Assessed Exercise 2

Introduction. Here is the second (of two) assessed exercises. It consists of three tasks.

Task 1 (worth 40%) is here.
Task 2 (worth 45%) is here.
Task 3 (worth 15%) is here.

The necessary Java files for all three tasks can be found for convenient download here:

The webpages describing the three tasks also feature download links to individual files. It is probably easier to download them in bulk

When and how to submit. The second assessed exercise is due Fri, 20 Dec 2019, 18:00. Note that this is after term has finished (you are to submit earlier). Submission is electronic, so no need to be on campus. To assure anonymity, please submit via the course's Canvas page. For submission guidelines see here.

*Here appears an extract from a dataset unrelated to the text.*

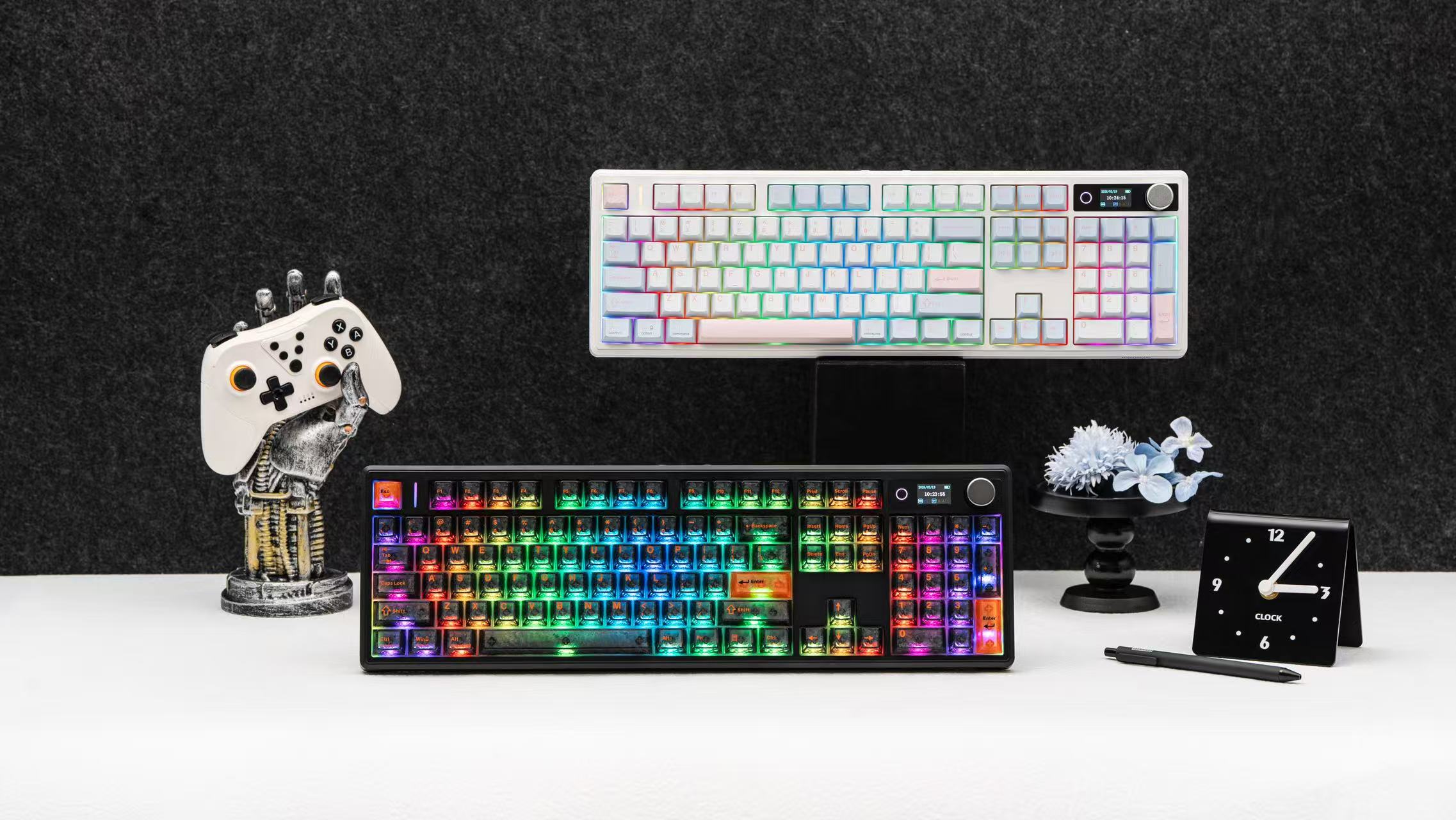 The noticeable visual updates of this keyboard are the side ambient lighting and the placement of the knob. The side ambient lights match the textured patterns, creating a beautiful and stylish look. The control knob has been moved from the side to the front, placing it within natural reach and making operations more direct. Together, these changes give the keyboard a fresher appearance while improving everyday usability.

Your task is to implement, in Java, code generators. As source language we take subsets of (a minor variant of) the simple language that we generated code for in the lectures (see the lecture notes, Page 5). As usual, the language is represented by ASTs. The target language is RISC-V machine code.

Background. It might be interesting to see the language you will have to compile in it's conventional (non-AST) form. Here it is as a context free grammar.

PROG → DEC | DEC; PROG 
DEC → def ID (VARDEC) = E
VARDEC →  ε | VARDECNE 
VARDECNE → ID | VARDECNE, ID 
ID → ... (identifiers)
INT → ... (Integers)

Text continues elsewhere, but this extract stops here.